Amphibians evolved tears about 360 million years ago to prevent eye desiccation when on land. Keeping eyes in working ophthalmic order (lubricating them and nourishing them via basal and reflex tears) seems beneficial enough. But what benefits might emotional tears produce that offset their costs?
Emotional tears seem to repurpose the ancient tears for valuable new signalling functions. They have several properties that make them good signals: they are produced non-permanently; they have a rapid onset and offset, thereby demarcating transient states or events; and they draw attention, because people tend to focus on others’ faces, particularly their eyes. As indicators of physical distress, tears may have been easier to detect than other internal or external cues.

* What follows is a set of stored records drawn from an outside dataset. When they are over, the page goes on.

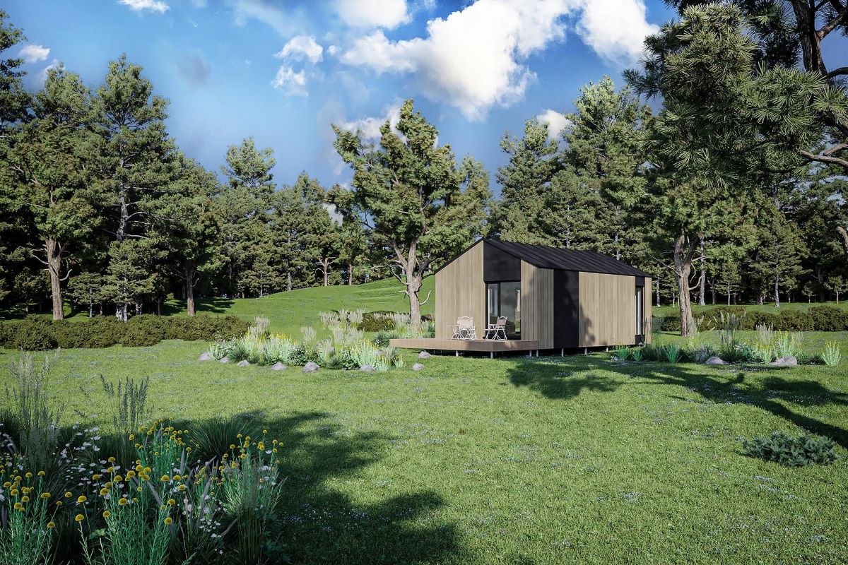 Modulový rostoucí dům. Základní modul kategorie 1kk může být v budoucnu jednoduše rozšířen o další moduly - např. o ložnici, dětský pokoj, ale také terasu nebo garáž. Dům tak roste společně s vašimi potřebami.
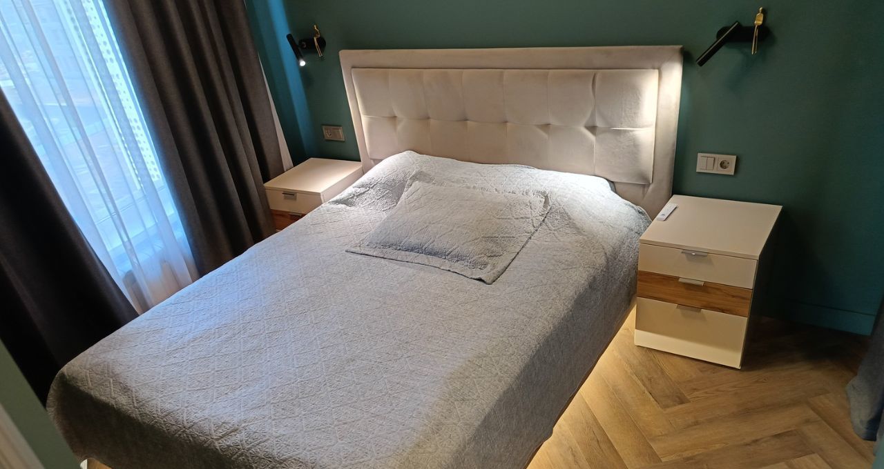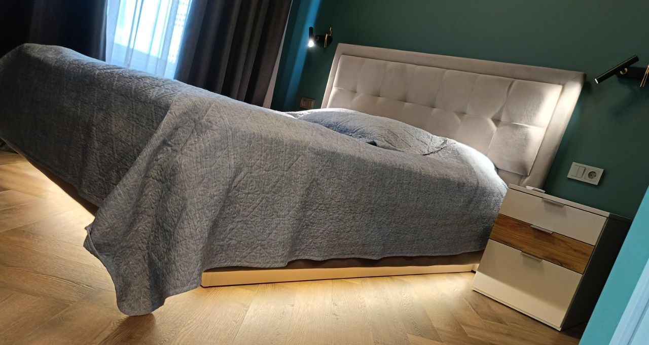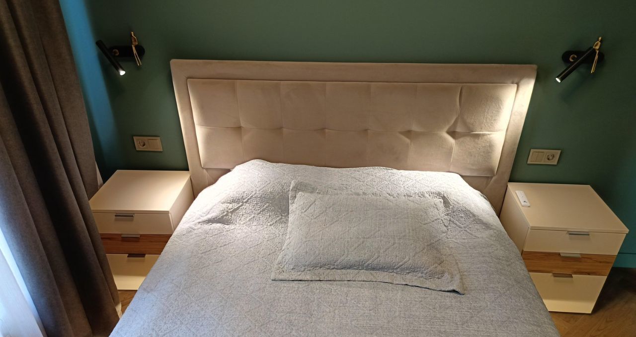 Функциональная мебель, комфортная 2-спальная кровать с ортопедическим матрасом и подъемным механизмом, размер 160х200м; ВМЕСТИТЕЛЬНЫЕ ШКАФЫ, В СПАЛЬНЕ ОБОРУДОВАННАЯ ГАРДЕРОБНАЯ. Куплена дизайнерская прихожая из массива дуба (на фото нет, но уже доставлена).
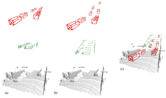 Comparison of quality. The detection outcomes in a KITTI validation scene are presented using various input point clouds through PV-RCNN and SAT in parts (a) and (b), respectively. Visualization is provided through a 3D point cloud. Ground truth boxes are highlighted in green, while red shows the bounding boxes’ predictions. Consequently, the ground truth boxes (encompassing object class features) on the right side in part (c) are deeper (i.e., more distant) from the LiDAR, posing a greater challenge for localization.
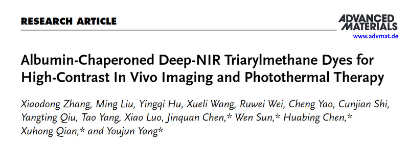 近日,我校药学院钱旭红院士、杨有军教授团队设计并两步合成具有“螺旋桨构型”的深近红外三芳基甲烷衍生物(EA5系列染料)。利用生物内源性白蛋白对EA5染料进行包封极大地提高了染料的荧光亮度,并解决了大多数近红外染料面临的合成步骤冗长、生物兼容性差、热力学稳定性差和水溶性差的难题。相关成果以“Albumin-ChaperonedDeep-NIR Triarylmethane Dyes for High-Contrast In Vivo Imaging and Photothermal Therapy”为题发表在Advanced Materials(Adv. Mater.2024, 2411515)上。

These background conditions may have led the human brain to evolve adaptations for individuals to produce tears to signal their distress, and for observers to infer others’ physical or emotional distress from their production of tears.

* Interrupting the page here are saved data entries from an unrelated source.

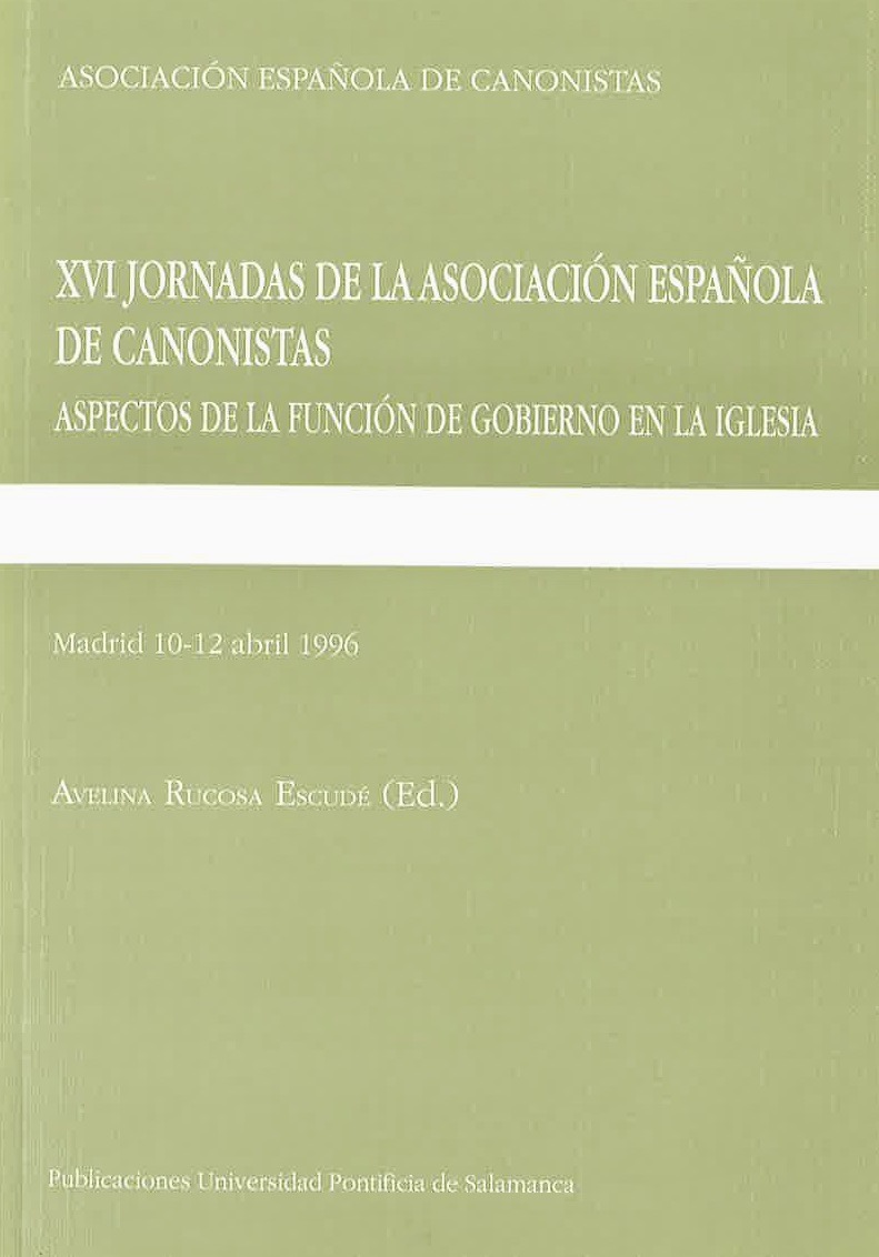 XVI JORNADAS DE LA ASOCIACIÓN ESPAÑOLA DE CANONISTAS: ASPECTOS DE LA FUNCIÓN DE GOBIERNO EN LA IGLESIA. MADRID 10-12 ABRIL 1996
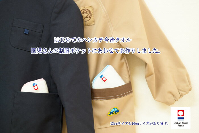 加工方法についてはこちらに画像があります。 サイズ 約13cm×13cm カラー ブルーピンク 素材 綿100% 備考 日本製(今治タオル) ■さまざまなシーンにご利用ください!御年賀 お歳暮 お中元 クリスマス ハロウィン 母の日 父の日 敬老の日 還暦祝い 古希祝い 内祝い 結婚内祝い 結婚祝い 出産祝い 出産内祝い 入学祝い 進学祝い 入学内祝い 入園祝い お返し 卒業祝い 卒部記念 お祝い 結婚引き出物 結婚引出物 結婚式 セット 詰め合わせ タオルギフト 誕生日 プレゼント ごあいさつ ご挨拶 新築祝い 快気祝い 快気内祝い お見舞い 全快祝い 御見舞御礼 長寿祝い 記念品 賞品 景品 引越し 香典返し 弔事 法要 法事 志 四十九日 満中陰志 初盆 偲び草 粗供養 忌明け ラッピング 紙袋が必要な場合は、紙袋 白無地 (大) 紙袋 白無地 (中) 紙袋 白無地 (小) 箱入れをご希望の方は、箱料金をお買い求め下さいませ。はじめてのハンカチタオル13cm(今治タオル) 今治タオルの特徴は風合いと吸水性にあります。 メロウ縫製仕上げでお子様にも今治タオルを持たせたいというお声から手の平サイズ13cnで作成しました。 園によって使用される制服が異なるためポケットのサイズも違います。 通園される制服のポケットを採寸いただき大きさに応じた二種類のハンカチを用意してます。 (13cmと16cmサイズ) 毛足も長く手を洗った際にすばやく吸収する綿糸である贅沢なエンジェル糸を使用しました。 はじめての今治タオルとしてお子様の成長にあわせてご活用いただきたく思い、リーズナブルにお値打ち価格にしております。 ■今治タオルブランド認定タオルとは? 認定番号:第2016-279号にて今治タオルブランド商品認定 はじめてのハンカチタオル16cm(今治タオル)のサイズは こちら Q.ピンクとブルーを購入しましたが、サイズが違うのですが・・・A.タオルの特性上、色の染め方によりタオルが収縮する場合がございます。よって、タオルのサイズは約としてしか表現できません。0.5cm〜1cmの誤差が生じることをご了承下さいませ。このタオルについてはピンクが少し小さくなっております。 Q.1枚から選べるの?A.はい。1枚からお求めいただけます。 注文が集中した場合など、発送が遅れたり、在庫切れで販売できなくなる可能性がございます。 ☆色について・・・できるだけ実物に近くなるように努めておりますが、お使いになられている環境(モニター等)により、微妙に違う場合があります。当サイトは土・日・祝日はお休みですので出荷及び返信メールは休み明けになります。ご了承下さい。 タオルは最初の洗濯でどうしても色落ちの心配があります。長時間汗や水に濡れたり、浸したままにしますと他のものに色移りすることがありますのでご注意ください。塩素系の漂白剤は色落ちしますので使用しないでください。 お買い上げいただいた時に注意事項の用紙をお入れしてます。 毛足が長いのでパイル面を引っ掛けやすいですが、ハサミでお切りいただきましても多少は大丈夫です。 ご注文前によくある質問もご覧くださいね。
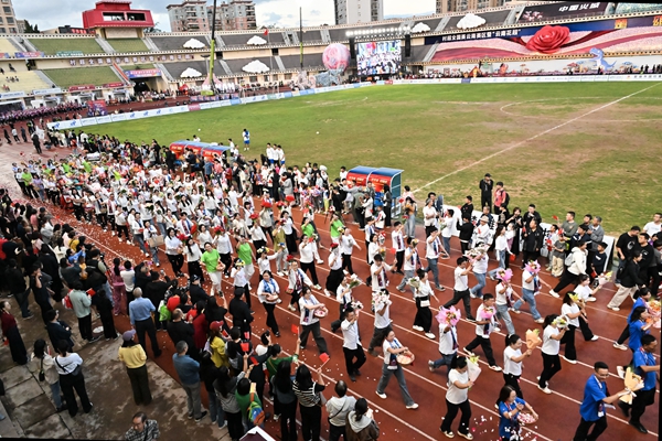 9月27日晚,云南楚雄州體育場(chǎng)內(nèi)燈火如晝、人聲鼎沸,村超全國賽暨云南鮮花足球超級(jí)聯(lián)賽(以下簡(jiǎn)稱“楚雄花超”)在此圓滿收官。這場(chǎng)以“鮮花為媒,足球?yàn)榻椤钡奶厣愂拢?月12日啟幕以來,歷時(shí)78天匯聚71支隊(duì)伍、1661名運(yùn)動(dòng)員,216場(chǎng)賽事不僅點(diǎn)燃云嶺大地的全民健身熱情,更以體育為紐帶串聯(lián)起文化傳承、群眾參與與產(chǎn)業(yè)發(fā)展的多重活力,成為基層踐行“體育搭臺(tái)、文化鑄魂、產(chǎn)業(yè)富民”的生動(dòng)樣本。

That emotional tears serve as non-verbal signals of distress is suggested by what elicits them: current, anticipated, recalled or imagined negative events – death, separation, rejection, injury and hunger. (Of course, tearing can also occur in response to positive events such as weddings, childbirth, celebrations, acts of kindness, achievements and artistic performances – we’ll return to this phenomenon shortly.)
Another indication that emotional tears serve communicative functions is that they occur more often in the presence of others. For instance, as parents know, people often delay crying until a supportive person is nearby. Additionally, those with romantic partners cry more than singles. Lonely individuals – despite reporting lower wellbeing – cry less than those who feel socially connected. These facts suggest that emotional tears are non-verbal requests for help rather than mere reflections of distress. Causing others to stop mistreating you, or to give you food, assistance or support in a conflict with third parties may be some of the ways in which emotional tears pay for themselves.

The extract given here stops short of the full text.